• **EXERCISE AIM**: Print the data exactly. Pictures stay out.

• **PROVIDED INFORMATION**:
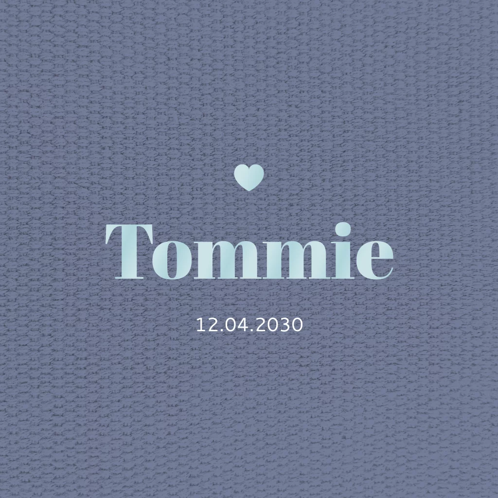 Ontdek onze prachtige geboortekaartjes voor jongens! Een basic, maar toch stijlvol ontwerp met een mooie blauwe kleur en een subtiele stoftextuur. De naam op de voorkant schittert in hoogglans. Bestel nu een proefdruk en ervaar zelf hoe op dit minimalistische geboortekaartje de naam van jullie kleintje groots en prachtig zal stralen. Alles kun je geheel personaliseren.
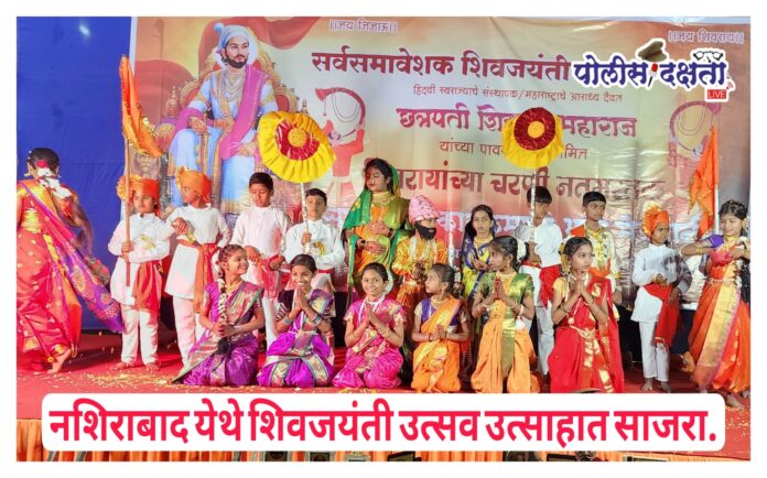 नशिराबाद | प्रतिनिधी | पोलीस दक्षता लाईव्ह :- हिंदवी स्वराज्याचे संस्थापक छत्रपती शिवाजी महाराज यांच्या जयंतीनिमित्त नशिराबाद शहरात यंदा भव्य आणि सर्वसमावेशक उत्सवाचे आयोजन करण्यात आले होते. १९ फेब्रुवारी रोजी फ्रूट सेल चौक परिसरात झालेल्या सार्वजनिक कार्यक्रमाला विविध समाजघटकांतील नागरिकांनी मोठ्या संख्येने उपस्थित राहून उत्सवाला उत्स्फूर्त प्रतिसाद दिला.
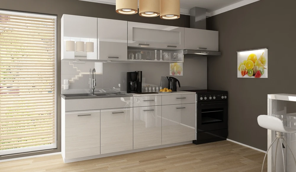 Kuchyňská linka Dolomiti v moderním designu je ideální volbou pro panelákové kuchyně, ale hodí se i do kuchyní v rodinných domech. Korpusy skříněk jsou bílé, dvířka jsou ve vysokém lesku v několika odstínech, takže si určitě vyberete tu nejvhodnější linku pro Vaši kuchyň. Skříňky jsou dodávány v demontu. Součástí je montážní plánek včetně všech potřebných spojovacích materiálů. Cena je uvedna za sestavu vyobrazenou na úvodní fotografii BEZ PRACOVNÍ DESKY. Skříňky jsou samostatné, takže si kuchyň můžete sestavit buď tak, jak je vyobrazeno na fotografii, nebo si je můžete sestavit podle toho, jak Vám to bude vyhovovat. Spotřebiče,baterie a dekorace nejsou v ceně.
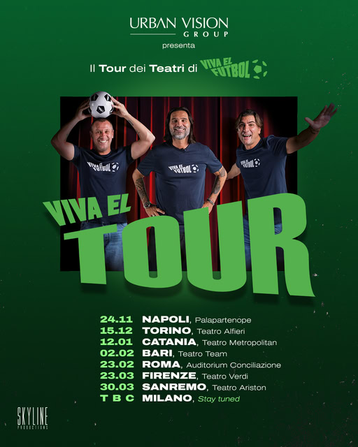 Dallo studio al palcoscenico. ‘Viva El Futbol’, il talk sportivo che ha conquistato il web, debutta nei teatri con ‘Viva El Tour’, un progetto live, nato nell’ambito dell’accordo con Urban Vision Group prodotto con il supporto di Skyline Srl, che intreccia calcio, cultura e linguaggi pop. Sul palco, pronti a incontrare la platea, Lele Adani, Antonio Cassano e Nicola Ventola, affiancati per l’occasione da Corrado Tedeschi. Talk, dibattiti, domande e interazione con il pubblico renderanno ogni tappa un evento unico, a metà tra racconto e partecipazione collettiva.
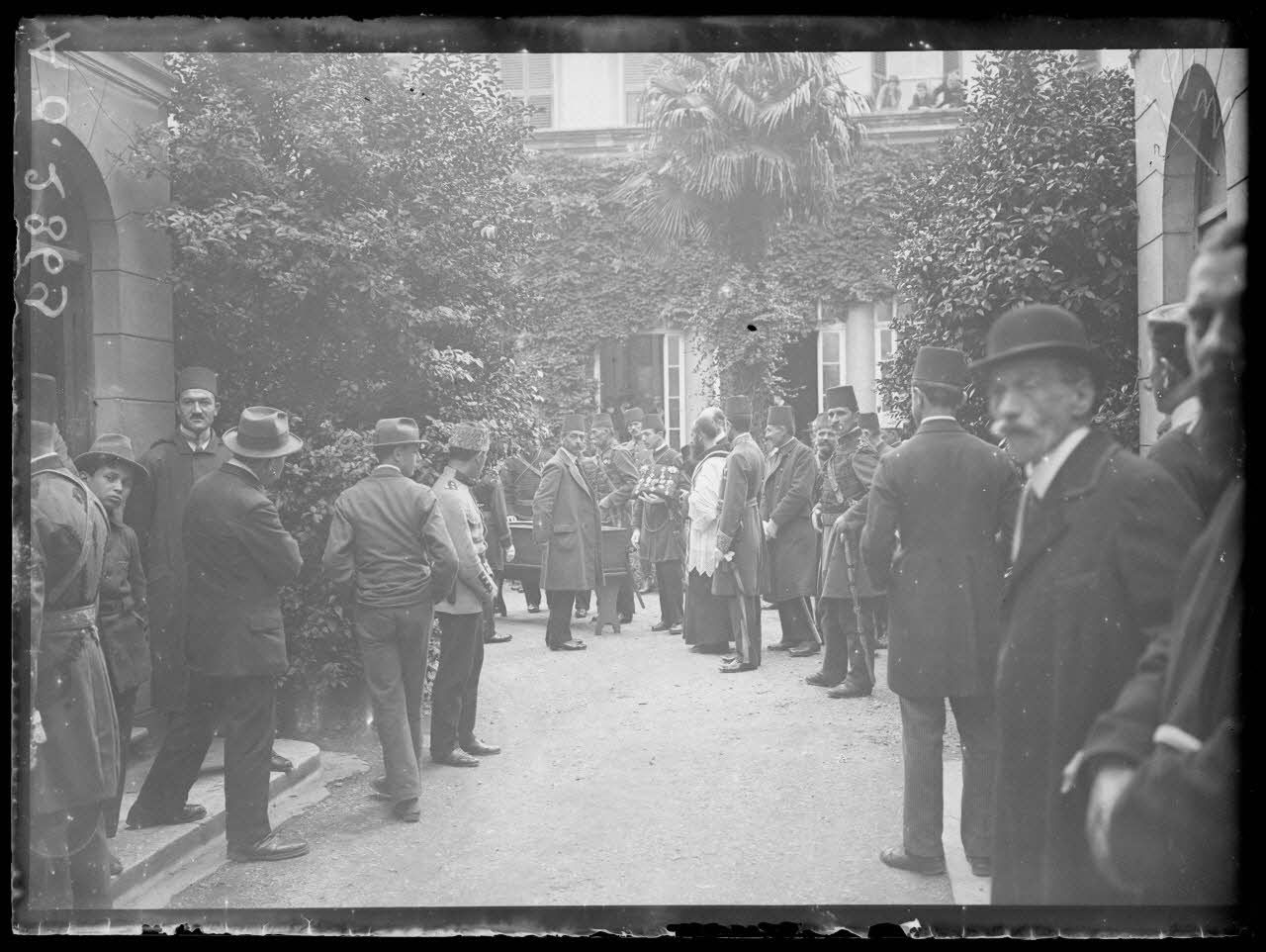[Des personnalités civiles et militaires sont rassemblées dans la cour d'une maison, autour d'un cercueil.]
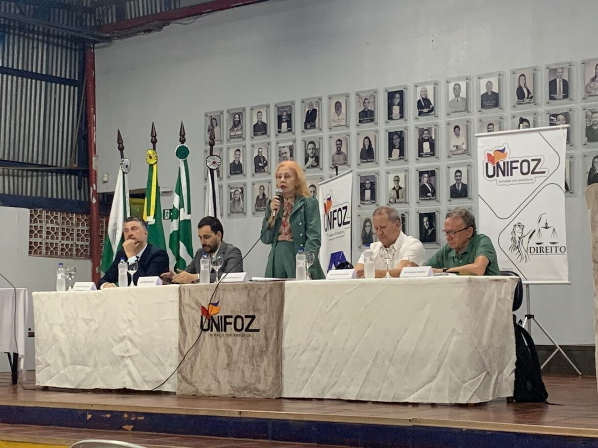 A mesa de abertura da Semana Acadêmica foi composta pela Diretora-Geral da Unifoz, Soraya Sotomaior Justus; pelo Diretor Acadêmico Conrado Sotomaior Justus Machado; pelo Procurador Geral do Município e Professor da Unifoz, Osli Machado; e pelo Presidente da Subseção local da OAB e Professor da Unifoz, Vitor Hugo Nachtygal. Essas personalidades reforçaram o papel da Unifoz como centro de formação de excelência, onde temas atuais e históricos são abordados em profundidade para a formação crítica dos alunos.

• **FINISHED EXERCISE**:
 Ontdek onze prachtige geboortekaartjes voor jongens! Een basic, maar toch stijlvol ontwerp met een mooie blauwe kleur en een subtiele stoftextuur. De naam op de voorkant schittert in hoogglans. Bestel nu een proefdruk en ervaar zelf hoe op dit minimalistische geboortekaartje de naam van jullie kleintje groots en prachtig zal stralen. Alles kun je geheel personaliseren.
 नशिराबाद | प्रतिनिधी | पोलीस दक्षता लाईव्ह :- हिंदवी स्वराज्याचे संस्थापक छत्रपती शिवाजी महाराज यांच्या जयंतीनिमित्त नशिराबाद शहरात यंदा भव्य आणि सर्वसमावेशक उत्सवाचे आयोजन करण्यात आले होते. १९ फेब्रुवारी रोजी फ्रूट सेल चौक परिसरात झालेल्या सार्वजनिक कार्यक्रमाला विविध समाजघटकांतील नागरिकांनी मोठ्या संख्येने उपस्थित राहून उत्सवाला उत्स्फूर्त प्रतिसाद दिला.
 Kuchyňská linka Dolomiti v moderním designu je ideální volbou pro panelákové kuchyně, ale hodí se i do kuchyní v rodinných domech. Korpusy skříněk jsou bílé, dvířka jsou ve vysokém lesku v několika odstínech, takže si určitě vyberete tu nejvhodnější linku pro Vaši kuchyň. Skříňky jsou dodávány v demontu. Součástí je montážní plánek včetně všech potřebných spojovacích materiálů. Cena je uvedna za sestavu vyobrazenou na úvodní fotografii BEZ PRACOVNÍ DESKY. Skříňky jsou samostatné, takže si kuchyň můžete sestavit buď tak, jak je vyobrazeno na fotografii, nebo si je můžete sestavit podle toho, jak Vám to bude vyhovovat. Spotřebiče,baterie a dekorace nejsou v ceně.
 Dallo studio al palcoscenico. ‘Viva El Futbol’, il talk sportivo che ha conquistato il web, debutta nei teatri con ‘Viva El Tour’, un progetto live, nato nell’ambito dell’accordo con Urban Vision Group prodotto con il supporto di Skyline Srl, che intreccia calcio, cultura e linguaggi pop. Sul palco, pronti a incontrare la platea, Lele Adani, Antonio Cassano e Nicola Ventola, affiancati per l’occasione da Corrado Tedeschi. Talk, dibattiti, domande e interazione con il pubblico renderanno ogni tappa un evento unico, a metà tra racconto e partecipazione collettiva.
[Des personnalités civiles et militaires sont rassemblées dans la cour d'une maison, autour d'un cercueil.]
 A mesa de abertura da Semana Acadêmica foi composta pela Diretora-Geral da Unifoz, Soraya Sotomaior Justus; pelo Diretor Acadêmico Conrado Sotomaior Justus Machado; pelo Procurador Geral do Município e Professor da Unifoz, Osli Machado; e pelo Presidente da Subseção local da OAB e Professor da Unifoz, Vitor Hugo Nachtygal. Essas personalidades reforçaram o papel da Unifoz como centro de formação de excelência, onde temas atuais e históricos são abordados em profundidade para a formação crítica dos alunos.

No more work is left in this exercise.